We, older and younger people, need to let go of our need for societal recognition. We have to begin to recognize our self and the self next to us, in front of us, behind us, around us. We older adults need to impart the folly of trying to follow society, trying to lead society in its quest for vapidness, how having all the money and power in the world doesn’t lead to inner joy and happiness, rather it leads to paranoia and fear, that it could go away in a moment, it leads to authoritarianism and the worship of conspiracies, etc.

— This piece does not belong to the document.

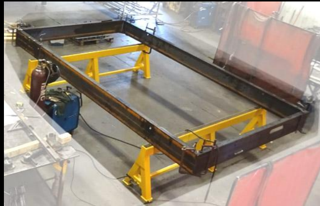
Extended length (10') work horses on site

To see all our Die or Mold Handling Solutions

We, older adults, have an obligation to impart the knowledge we have gained through the myriad of failures and successes, lost connections and the ones made, through paying attention to our inner life and intuition. We are being called upon to demonstrate to ourselves and to the next generations that we are not just “Tik-Tok Grannies”, we are people who are still wrestling with the issues of how to live well, we are still wrestling with how to find an inner acceptance of life at our age, we are still seeking to be relevant not for egotistical reasons but for service reasons. Our being needed is not about what we can do, rather it is about what we can give. Because we did not know this earlier in life, we have to, are compelled to offer this truth, this way of being to the next generations so they don’t waste as much time as we did to find this out.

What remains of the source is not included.